- What this task involves -
Please set down only the lines running from the one with "이 포스팅에 일일히 업데이트하진" through the last line of the entries, exactly as written and without any pictures.

- Information given -
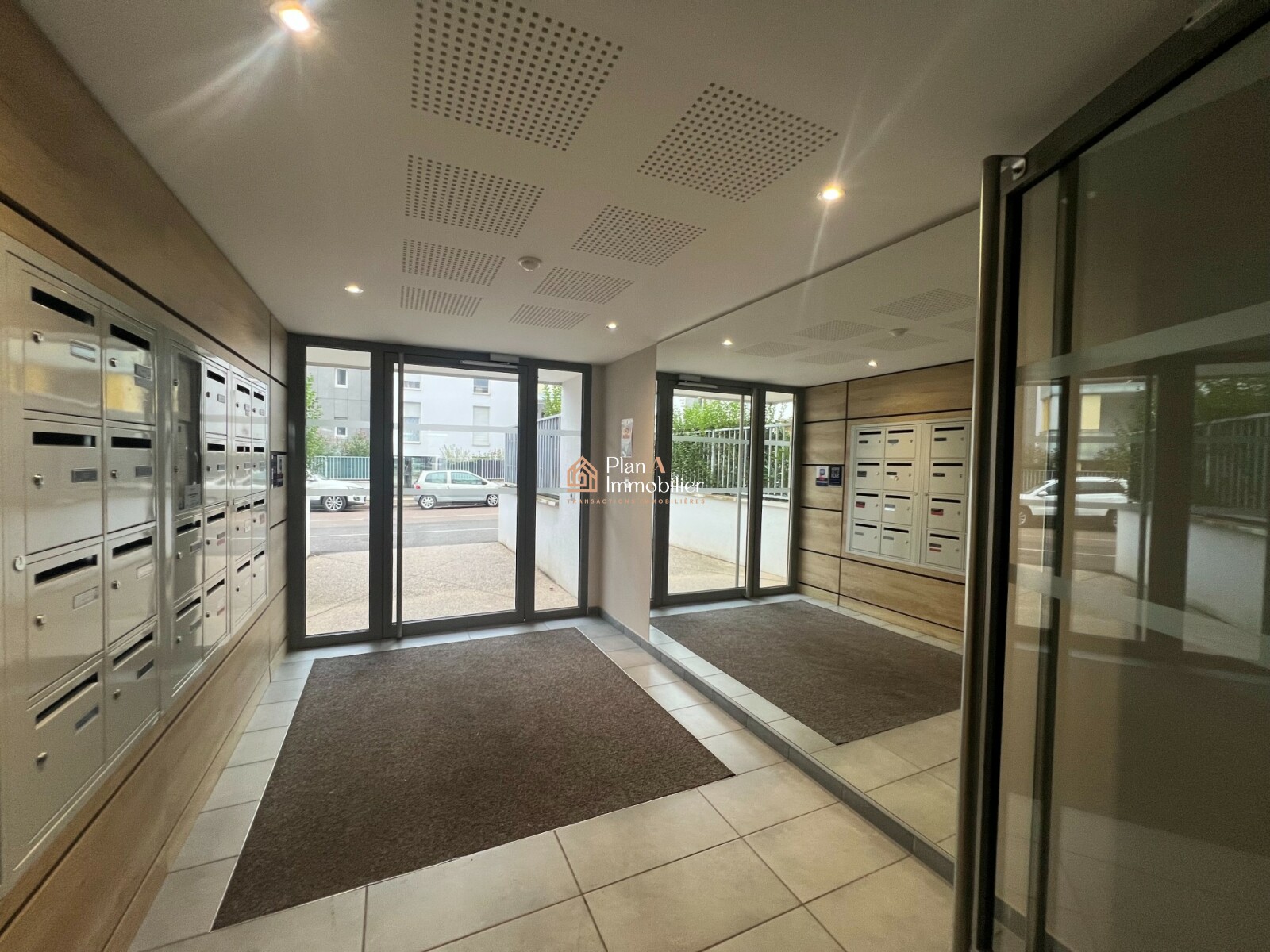 L'accès à l'immeuble est sécurisé : visiophone et badge + portail motorisé pour véhicules.
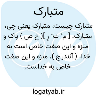 متبارک. [ م ُ ت َ رِ ]( ع ص ) پاک و منزه و این صفت خاص است به خدا. ( آنندراج ). منزه و این صفت خاص به خداست. ( ناظم الاطباء ). || مرتفع. ( ذیل اقرب الموارد ). || مقدس و پارسا و محترم. || مشهور و نامدار. || خجسته و سعادتمند. ( ناظم الاطباء ).
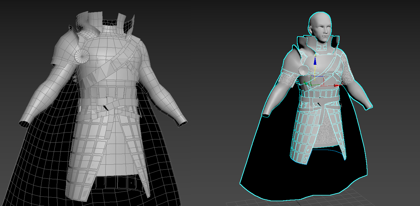 이 포스팅에 일일히 업데이트하진 않았지만 시간 나는대로 조금씩 작업을 해왔습니다. 무기 제외한 의상 부분은 거의 완료된 단계입니다. 아쉬운점이 몇가지 있는데 지금와서 어떻게 해결할 수 있는 부분은 아니고 모델링을 완전히 마치고 어떤거였는지 풀어보는걸로 하겠습니다.
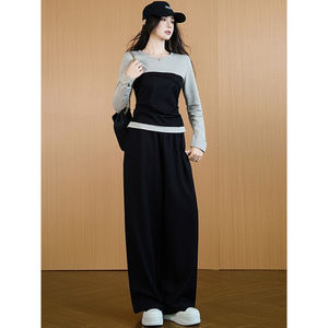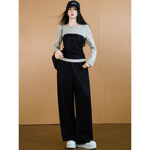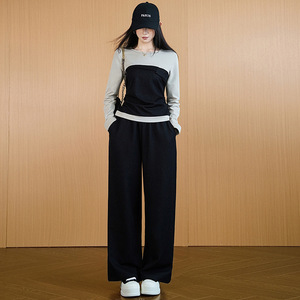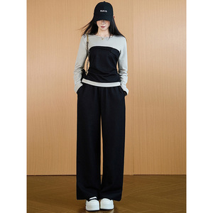 深圳南油欧货运动套装女2025秋修身显瘦小众长袖T恤阔腿裤两件套
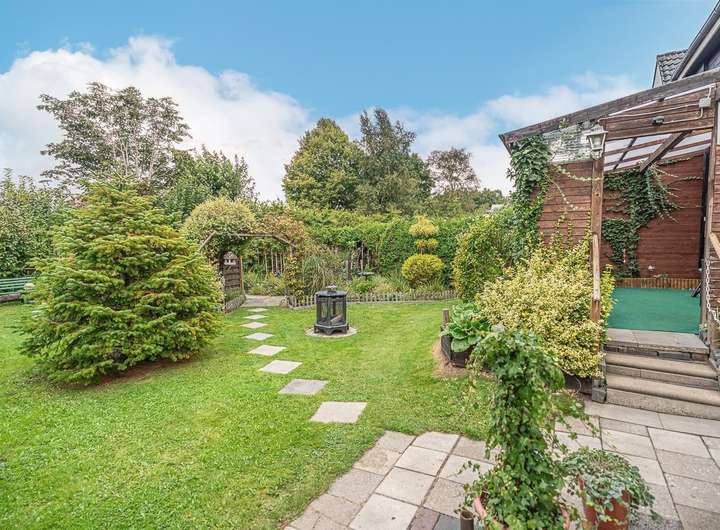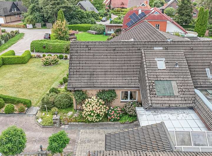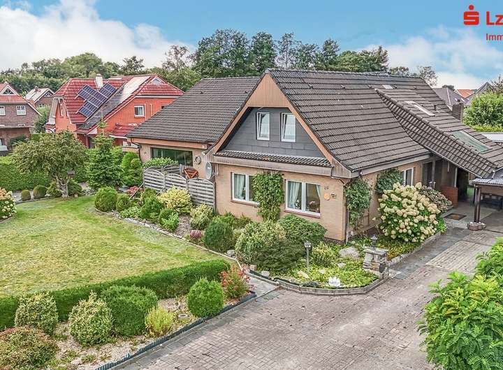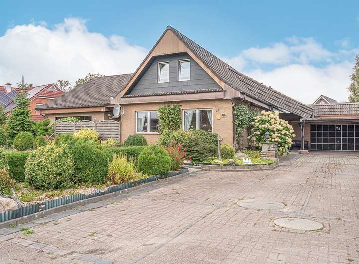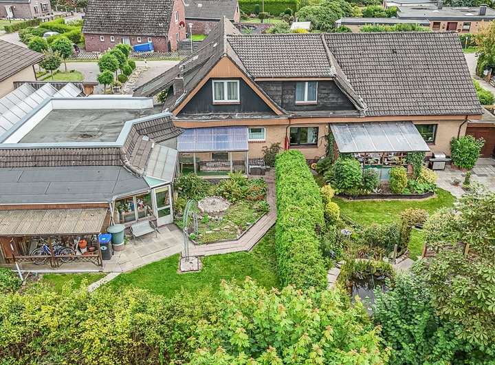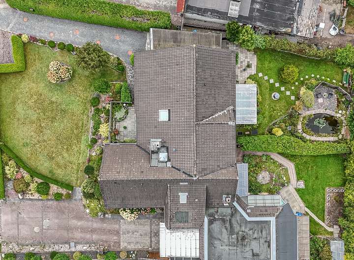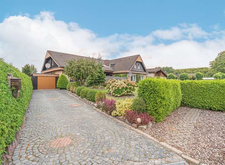 Der großzügige Garten lädt zum Verweilen ein, während zwei separate Auffahrten mit jeweils einer Garage die Eigenständigkeit der beiden Wohneinheiten betonen. Hier können mehrere Generationen nah beieinander leben und dennoch ihren eigenen Freiraum genießen.

- Solution to the problem -
 이 포스팅에 일일히 업데이트하진 않았지만 시간 나는대로 조금씩 작업을 해왔습니다. 무기 제외한 의상 부분은 거의 완료된 단계입니다. 아쉬운점이 몇가지 있는데 지금와서 어떻게 해결할 수 있는 부분은 아니고 모델링을 완전히 마치고 어떤거였는지 풀어보는걸로 하겠습니다.
 深圳南油欧货运动套装女2025秋修身显瘦小众长袖T恤阔腿裤两件套
 Der großzügige Garten lädt zum Verweilen ein, während zwei separate Auffahrten mit jeweils einer Garage die Eigenständigkeit der beiden Wohneinheiten betonen. Hier können mehrere Generationen nah beieinander leben und dennoch ihren eigenen Freiraum genießen.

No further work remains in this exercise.